= Virginia Rich =

American novelist

Virginia Rich (1914–1985) was an American author of culinary mysteries.

In three novels, written 1982 to 1985, she introduced amateur sleuth Eugenia Potter, a widow and chef who divided her time between a ranch in Arizona and a small town on the Maine coast. The books included recipes, the hallmark of what has come to be called "culinary mysteries."

Several years after Rich's death, her family approached mystery writer Nancy Pickard to complete an unfinished manuscript, producing The 27 Ingredient Chili Con Carne Murders, published in 1993. Pickard went on to write two more novels in the series, based on Rich's notes.

Rich was born in Sibley, Iowa.

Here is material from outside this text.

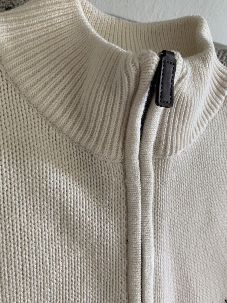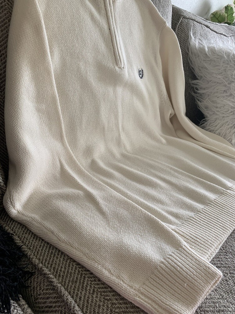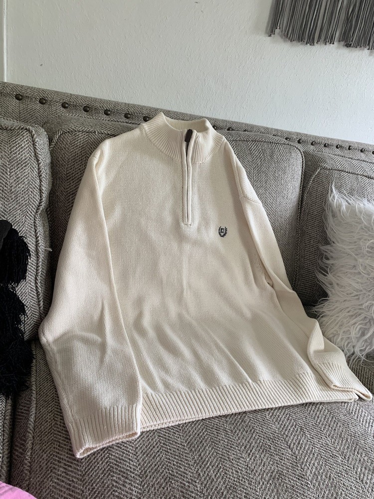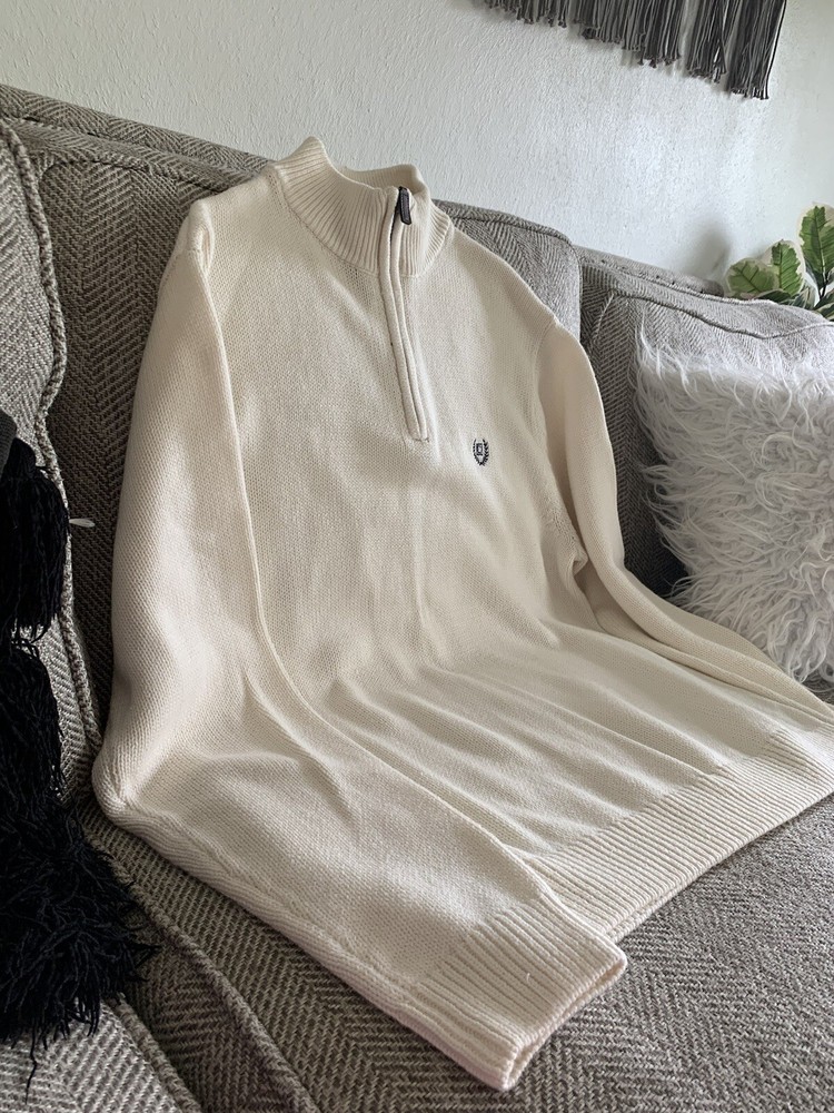 Chaps Men's Sweater in Cream color is a comfortable and cozy pullover made of cotton with a tight knit style. It features a high neck with long sleeves and a button accent. This sweater is suitable for various occasions such as travel, wedding, party, casual, formal, and business. It is available in size L and can be machine washed. The colorful theme and solid pattern make it a perfect fit for winter, fall, and spring.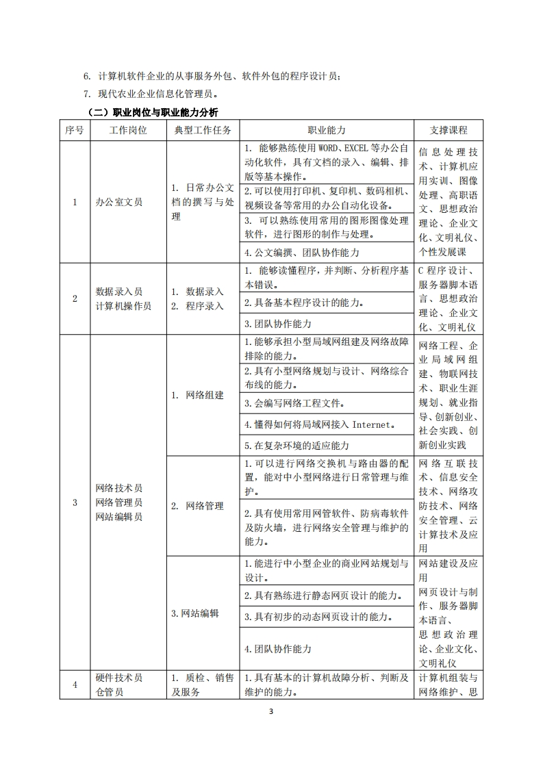 高等职业技术教育《计算机应用技术》专业人才培养方案(普招三年制)专业代码:610201一、学制及招生对象(一)学制:三年。(二)招生对象:高中(中职)毕业生。(三)招生类型:理科。二、培养目标与人才规格(一)培养目标本专业培养德、智、体全面发展,具有较高综合素质、良好职业道德、创新精神和创业意识,掌握计算机组成、网络基本原理、网络管理、网站建设、网络安全相关知识,具备常用办公软件应用、计算机组装与维护、网络组建与维护、网站建设与维护、网络管理能力,在各个与计算机相关的行业领域,从事计算机办公自动化应用、计算机销售与售后服务、网络组建、网络维护与管理、网页设计与制作、网站维护与管理等工作的生产、建设、服务和管理第一线需要的高素质技术技能人才。(二)人才规格1.素质目标(1)思想政治素质:拥护党的基本路线,具有坚定正确的政治方向:掌握毛泽东思想和邓小平理论以及“三个代表”的重要思想和科学发展观:具有正确的世界观、人生观和价值观,具有良好的诚信品质、敬业精神、责任意识、团队意识和诚信意识,恪守公民基本道德规范。(2)职业素质:具有良好的职业安全、环境保护意识、职业道德、创新精神、创业意识,能够立足生产、建设、管理、服务一线,踏实进取,敬业奉献,善于合作,敢于竞争,勇于创新。(3)人文科学素质:具有宽阔的视野、良好的科学思维品质、高雅的审美情趣和正确的审美观:能够正确认识社会、主动适应社会,有较强文字和语言表达能力,有较强的人际交往能力和自我发展能力。(4)身体心理素质:具有健康的身体,良好的生活习惯,爱好体育运动,有一定的运动基础。具有健康积极的人生态度,良好的个性心理品质,有较强的心理调适能力和抗挫折能力。2.知识目标(1)具有必须的公共英语听、说、读、写基本知识和职业英语知识:(2)具有必备的文化基础知识和人文社会科学知识:(3)具有计算机应用的基本知识:(4)具有必需的程序设计思想、软件设计流程等基础知识:

She wrote a food column for the Chicago Tribune under the name of Mary Meade, and served as food editor for Sunset magazine. She was married to cattleman Ray Rich. Like her heroine, she lived on a working cattle ranch near Tucson, Arizona and spent a number of months a year at her cottage off the coast of Maine. Her daughter Susan Sheridan Rich is an art teacher.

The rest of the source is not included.